[[ DATASET SECTION, beginning ]]

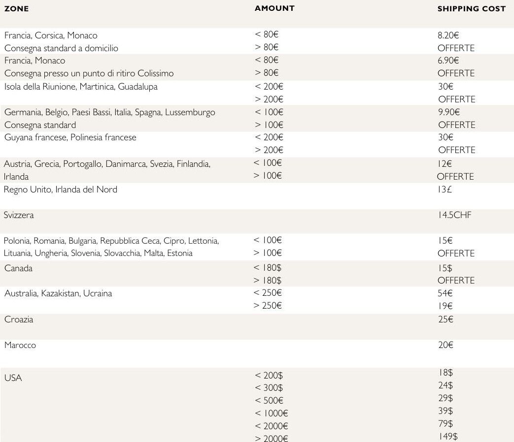 COSTI DI CONSEGNA :
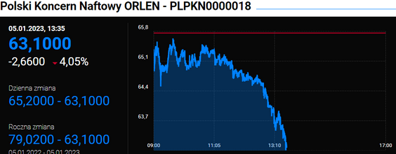Notowania koncernu paliwowego spadają po południu o ponad 4 proc. Przyczyną może być wszczęcie postępowania wyjaśniającego przez UOKiK dotyczącego sytuacji na rynku paliw.
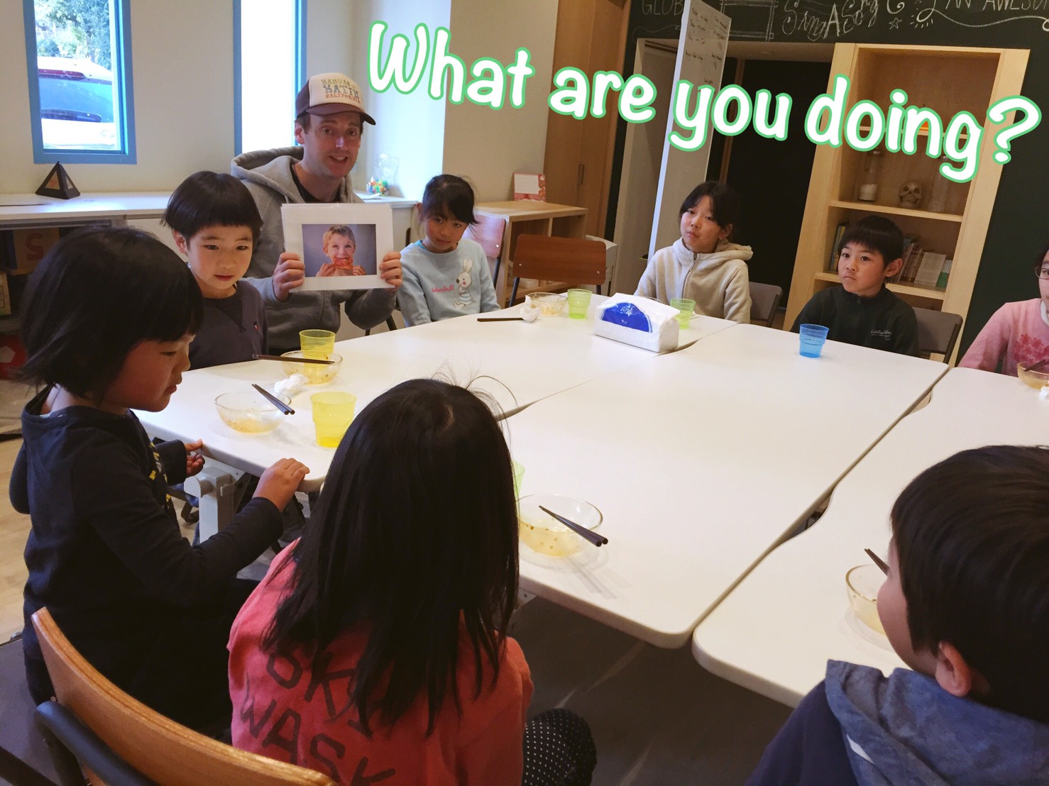 “Wow. You guys did a wonderful job!! Can I have one?”(ワオ!がんばったんだね!!1個ちょうだい)と言った所、みんなの答えは共通して”No!”(ダメ!)でした(笑)
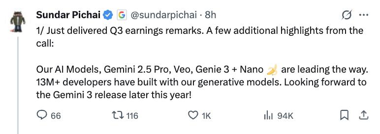 皮查伊在讲话中提到:“超过1300万开发者已使用我们的生成模型进行开发”,并预告了将在今年晚些时候发布Gemini 3,表明谷歌正通过技术迭代和生态建设巩固AI领先地位。

[[ DATASET SECTION, end ]]

- _ASSIGNMENT_
Once the pictures are removed, output the remaining material exactly.

- _TASK SOLUTION_
 COSTI DI CONSEGNA :
Notowania koncernu paliwowego spadają po południu o ponad 4 proc. Przyczyną może być wszczęcie postępowania wyjaśniającego przez UOKiK dotyczącego sytuacji na rynku paliw.
 “Wow. You guys did a wonderful job!! Can I have one?”(ワオ!がんばったんだね!!1個ちょうだい)と言った所、みんなの答えは共通して”No!”(ダメ!)でした(笑)
 皮查伊在讲话中提到:“超过1300万开发者已使用我们的生成模型进行开发”,并预告了将在今年晚些时候发布Gemini 3,表明谷歌正通过技术迭代和生态建设巩固AI领先地位。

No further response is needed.